For the data below, count the lines that have the string "Diamond" and state that number by itself.

─── Data shown

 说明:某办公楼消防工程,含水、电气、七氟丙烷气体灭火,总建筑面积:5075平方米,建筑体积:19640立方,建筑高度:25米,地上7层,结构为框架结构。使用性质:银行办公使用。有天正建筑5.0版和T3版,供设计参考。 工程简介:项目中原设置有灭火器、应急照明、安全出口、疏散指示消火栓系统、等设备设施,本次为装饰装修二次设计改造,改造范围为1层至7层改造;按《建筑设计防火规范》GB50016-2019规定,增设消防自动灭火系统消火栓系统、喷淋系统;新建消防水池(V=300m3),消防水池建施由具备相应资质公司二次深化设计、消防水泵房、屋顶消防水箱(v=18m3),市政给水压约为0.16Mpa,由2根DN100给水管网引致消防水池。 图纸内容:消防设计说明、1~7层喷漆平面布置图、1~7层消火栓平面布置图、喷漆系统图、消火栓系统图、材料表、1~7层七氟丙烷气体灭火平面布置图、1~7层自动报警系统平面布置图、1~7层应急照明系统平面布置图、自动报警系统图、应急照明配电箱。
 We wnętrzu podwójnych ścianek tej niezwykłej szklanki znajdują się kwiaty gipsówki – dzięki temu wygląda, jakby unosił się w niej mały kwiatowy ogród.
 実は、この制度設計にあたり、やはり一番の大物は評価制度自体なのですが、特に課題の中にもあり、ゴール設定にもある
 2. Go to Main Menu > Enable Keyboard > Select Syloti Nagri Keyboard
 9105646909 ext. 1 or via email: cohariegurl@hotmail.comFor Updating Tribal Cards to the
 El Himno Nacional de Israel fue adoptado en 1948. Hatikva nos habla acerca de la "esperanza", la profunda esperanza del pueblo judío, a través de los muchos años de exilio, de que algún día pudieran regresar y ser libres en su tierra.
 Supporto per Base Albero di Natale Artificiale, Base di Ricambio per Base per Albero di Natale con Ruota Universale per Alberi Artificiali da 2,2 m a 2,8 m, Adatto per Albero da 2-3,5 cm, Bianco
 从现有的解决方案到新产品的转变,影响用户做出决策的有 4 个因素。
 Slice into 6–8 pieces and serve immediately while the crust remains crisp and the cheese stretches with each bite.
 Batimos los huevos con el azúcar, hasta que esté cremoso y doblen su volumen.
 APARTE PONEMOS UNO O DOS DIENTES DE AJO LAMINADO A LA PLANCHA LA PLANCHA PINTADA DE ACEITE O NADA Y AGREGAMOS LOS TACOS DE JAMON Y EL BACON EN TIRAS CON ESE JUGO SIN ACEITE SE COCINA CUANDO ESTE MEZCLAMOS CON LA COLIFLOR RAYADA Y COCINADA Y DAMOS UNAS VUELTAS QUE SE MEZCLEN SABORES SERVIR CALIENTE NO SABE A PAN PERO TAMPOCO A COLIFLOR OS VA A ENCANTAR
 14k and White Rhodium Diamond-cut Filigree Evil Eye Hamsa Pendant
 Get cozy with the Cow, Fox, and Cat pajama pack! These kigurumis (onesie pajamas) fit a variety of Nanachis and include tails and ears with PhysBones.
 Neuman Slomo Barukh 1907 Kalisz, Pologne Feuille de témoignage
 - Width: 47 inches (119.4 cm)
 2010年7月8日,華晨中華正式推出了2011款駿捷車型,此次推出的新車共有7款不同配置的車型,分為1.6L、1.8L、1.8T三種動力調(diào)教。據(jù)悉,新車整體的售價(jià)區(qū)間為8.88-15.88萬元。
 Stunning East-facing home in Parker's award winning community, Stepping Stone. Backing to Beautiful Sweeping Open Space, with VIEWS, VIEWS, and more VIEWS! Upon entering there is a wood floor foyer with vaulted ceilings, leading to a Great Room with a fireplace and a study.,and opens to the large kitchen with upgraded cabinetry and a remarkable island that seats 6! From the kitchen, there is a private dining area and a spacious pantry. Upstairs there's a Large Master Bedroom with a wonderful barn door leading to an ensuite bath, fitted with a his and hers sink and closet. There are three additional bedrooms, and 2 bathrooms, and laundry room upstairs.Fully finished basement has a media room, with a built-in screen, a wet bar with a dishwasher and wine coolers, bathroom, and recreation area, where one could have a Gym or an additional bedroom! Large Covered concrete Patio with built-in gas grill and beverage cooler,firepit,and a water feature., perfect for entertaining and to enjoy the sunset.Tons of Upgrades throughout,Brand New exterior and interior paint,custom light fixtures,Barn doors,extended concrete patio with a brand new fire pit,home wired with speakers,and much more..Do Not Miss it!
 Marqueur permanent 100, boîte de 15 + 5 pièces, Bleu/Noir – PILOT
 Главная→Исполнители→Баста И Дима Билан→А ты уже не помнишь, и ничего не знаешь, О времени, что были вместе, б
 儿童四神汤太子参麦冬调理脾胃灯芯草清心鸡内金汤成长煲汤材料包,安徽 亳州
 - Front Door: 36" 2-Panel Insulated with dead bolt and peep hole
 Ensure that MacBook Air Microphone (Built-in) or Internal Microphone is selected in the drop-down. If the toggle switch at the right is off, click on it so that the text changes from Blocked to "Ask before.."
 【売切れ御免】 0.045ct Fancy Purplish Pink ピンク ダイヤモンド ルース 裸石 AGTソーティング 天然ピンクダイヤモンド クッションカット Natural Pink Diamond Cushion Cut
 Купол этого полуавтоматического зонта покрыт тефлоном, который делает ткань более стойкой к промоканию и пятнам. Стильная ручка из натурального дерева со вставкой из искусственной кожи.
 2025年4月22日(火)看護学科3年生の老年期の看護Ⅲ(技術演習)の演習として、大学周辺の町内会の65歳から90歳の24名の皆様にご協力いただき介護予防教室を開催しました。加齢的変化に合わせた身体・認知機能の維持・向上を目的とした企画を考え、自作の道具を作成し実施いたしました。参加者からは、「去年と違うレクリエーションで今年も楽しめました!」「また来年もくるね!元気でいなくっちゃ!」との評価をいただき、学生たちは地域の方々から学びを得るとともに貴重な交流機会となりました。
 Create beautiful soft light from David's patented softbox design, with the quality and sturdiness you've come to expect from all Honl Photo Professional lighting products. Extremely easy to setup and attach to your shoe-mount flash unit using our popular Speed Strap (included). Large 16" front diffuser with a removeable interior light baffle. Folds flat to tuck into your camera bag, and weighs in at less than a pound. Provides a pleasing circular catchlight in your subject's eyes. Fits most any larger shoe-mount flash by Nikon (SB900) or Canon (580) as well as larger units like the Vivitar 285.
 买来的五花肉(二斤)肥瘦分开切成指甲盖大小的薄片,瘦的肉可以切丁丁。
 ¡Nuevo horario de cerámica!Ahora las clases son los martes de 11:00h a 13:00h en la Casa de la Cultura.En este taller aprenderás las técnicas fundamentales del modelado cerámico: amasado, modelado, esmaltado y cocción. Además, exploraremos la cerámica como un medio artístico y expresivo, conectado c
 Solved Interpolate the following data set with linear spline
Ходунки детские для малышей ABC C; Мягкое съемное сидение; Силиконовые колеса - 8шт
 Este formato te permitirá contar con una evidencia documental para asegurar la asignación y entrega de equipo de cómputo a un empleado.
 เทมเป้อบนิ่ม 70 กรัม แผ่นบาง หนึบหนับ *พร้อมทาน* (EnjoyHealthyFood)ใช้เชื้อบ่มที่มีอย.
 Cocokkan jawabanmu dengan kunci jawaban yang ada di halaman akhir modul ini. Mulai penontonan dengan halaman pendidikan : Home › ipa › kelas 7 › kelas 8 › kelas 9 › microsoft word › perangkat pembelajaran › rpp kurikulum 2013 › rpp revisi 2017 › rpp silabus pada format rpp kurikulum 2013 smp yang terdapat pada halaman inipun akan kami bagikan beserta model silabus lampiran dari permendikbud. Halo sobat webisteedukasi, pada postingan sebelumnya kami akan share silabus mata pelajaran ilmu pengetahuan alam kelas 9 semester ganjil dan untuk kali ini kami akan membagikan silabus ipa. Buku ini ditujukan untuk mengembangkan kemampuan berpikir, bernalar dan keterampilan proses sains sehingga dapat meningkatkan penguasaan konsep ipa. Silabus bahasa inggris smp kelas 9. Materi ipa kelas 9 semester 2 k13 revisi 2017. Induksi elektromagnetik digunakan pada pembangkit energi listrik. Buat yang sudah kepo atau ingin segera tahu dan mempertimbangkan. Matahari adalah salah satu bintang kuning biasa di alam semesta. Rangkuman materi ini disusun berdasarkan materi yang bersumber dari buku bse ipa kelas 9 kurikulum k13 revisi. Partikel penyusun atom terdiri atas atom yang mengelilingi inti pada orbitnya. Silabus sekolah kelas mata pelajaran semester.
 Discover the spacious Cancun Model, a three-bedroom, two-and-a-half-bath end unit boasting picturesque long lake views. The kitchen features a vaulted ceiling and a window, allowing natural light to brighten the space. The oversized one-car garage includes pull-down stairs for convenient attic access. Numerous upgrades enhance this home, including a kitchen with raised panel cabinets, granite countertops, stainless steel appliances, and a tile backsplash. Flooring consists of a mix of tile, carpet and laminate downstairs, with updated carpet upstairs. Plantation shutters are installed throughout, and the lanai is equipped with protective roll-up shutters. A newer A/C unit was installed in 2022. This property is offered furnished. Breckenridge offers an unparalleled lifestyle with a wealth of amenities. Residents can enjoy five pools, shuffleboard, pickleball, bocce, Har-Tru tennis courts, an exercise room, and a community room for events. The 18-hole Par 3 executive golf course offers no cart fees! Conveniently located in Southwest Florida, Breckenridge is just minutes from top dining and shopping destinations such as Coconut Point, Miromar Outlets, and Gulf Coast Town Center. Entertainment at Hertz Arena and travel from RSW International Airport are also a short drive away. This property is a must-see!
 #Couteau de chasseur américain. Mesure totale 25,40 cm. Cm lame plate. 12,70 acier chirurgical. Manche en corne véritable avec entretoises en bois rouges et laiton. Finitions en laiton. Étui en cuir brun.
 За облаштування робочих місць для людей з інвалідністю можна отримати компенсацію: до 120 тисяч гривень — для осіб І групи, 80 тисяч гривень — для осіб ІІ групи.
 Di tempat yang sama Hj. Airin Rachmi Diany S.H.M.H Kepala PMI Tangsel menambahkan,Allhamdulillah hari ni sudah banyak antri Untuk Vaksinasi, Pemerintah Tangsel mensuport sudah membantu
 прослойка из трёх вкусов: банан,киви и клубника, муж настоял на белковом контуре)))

──────

• **Written answer**
2